Supplied entries Block Start

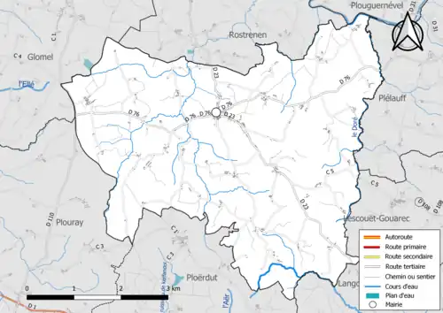 La commune est située dans le bassin Loire-Bretagne. Elle est drainée par le canal de Nantes à Brest, le Scorff, le Doré[5] et le Restmenguy[6],[7],[Carte 1].
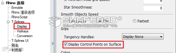 原因:在Rhino 5 中开启了切换成圆型控制点方式,而T-Splines 并不支持,因此控制点没显示出来。
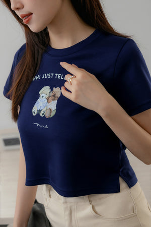 熊プリント超ストレッチTシャツ S~3L【2503131】
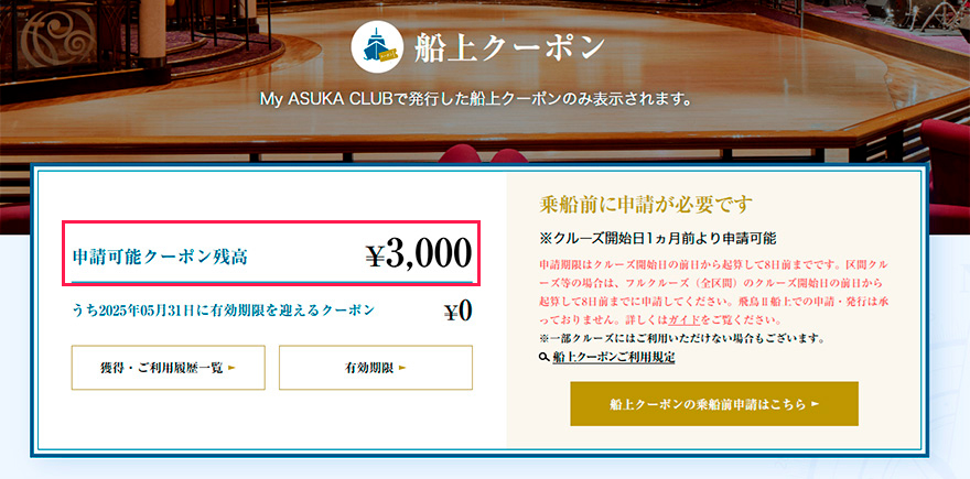 - 申請を済ませた船上クーポンは「申請可能クーポン残高」「現在のクーポン残高」には表示されなくなります。
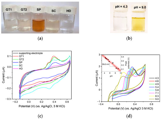 (a) Photograph of the solutions before testing: (GT1, GT2) infusion of Camellia sinensis (two brands) and (SC) Salvia sclarea, (SP) extract of a dietary supplement and (HD) hydrolat. (b) Photograph of the 0.1 mM solution of epigallocatechin gallate with pH 4.3 and 9.0. (c) Cyclic voltammograms recorded in 200 times diluted extracts using GCn/PDMS carbon paste electrodes in 0.1 acetate buffer (pH = 4.5) at a scan rate of 100 mV/s. (d) Cyclic voltammograms recorded in 0.1 mM solution of epigallocatechin gallate in 0.1 acetate buffer of different pH using a GCn/PDMS carbon paste electrode at a scan rate of 50 mV/s. Inset: The dependence of epigallocatechin peak potential on pH.

Supplied entries Block End

> [What is expected] Reproduce everything above exactly, images excluded.

> [Result for this task]
 La commune est située dans le bassin Loire-Bretagne. Elle est drainée par le canal de Nantes à Brest, le Scorff, le Doré[5] et le Restmenguy[6],[7],[Carte 1].
 原因:在Rhino 5 中开启了切换成圆型控制点方式,而T-Splines 并不支持,因此控制点没显示出来。
 熊プリント超ストレッチTシャツ S~3L【2503131】
 - 申請を済ませた船上クーポンは「申請可能クーポン残高」「現在のクーポン残高」には表示されなくなります。
 (a) Photograph of the solutions before testing: (GT1, GT2) infusion of Camellia sinensis (two brands) and (SC) Salvia sclarea, (SP) extract of a dietary supplement and (HD) hydrolat. (b) Photograph of the 0.1 mM solution of epigallocatechin gallate with pH 4.3 and 9.0. (c) Cyclic voltammograms recorded in 200 times diluted extracts using GCn/PDMS carbon paste electrodes in 0.1 acetate buffer (pH = 4.5) at a scan rate of 100 mV/s. (d) Cyclic voltammograms recorded in 0.1 mM solution of epigallocatechin gallate in 0.1 acetate buffer of different pH using a GCn/PDMS carbon paste electrode at a scan rate of 50 mV/s. Inset: The dependence of epigallocatechin peak potential on pH.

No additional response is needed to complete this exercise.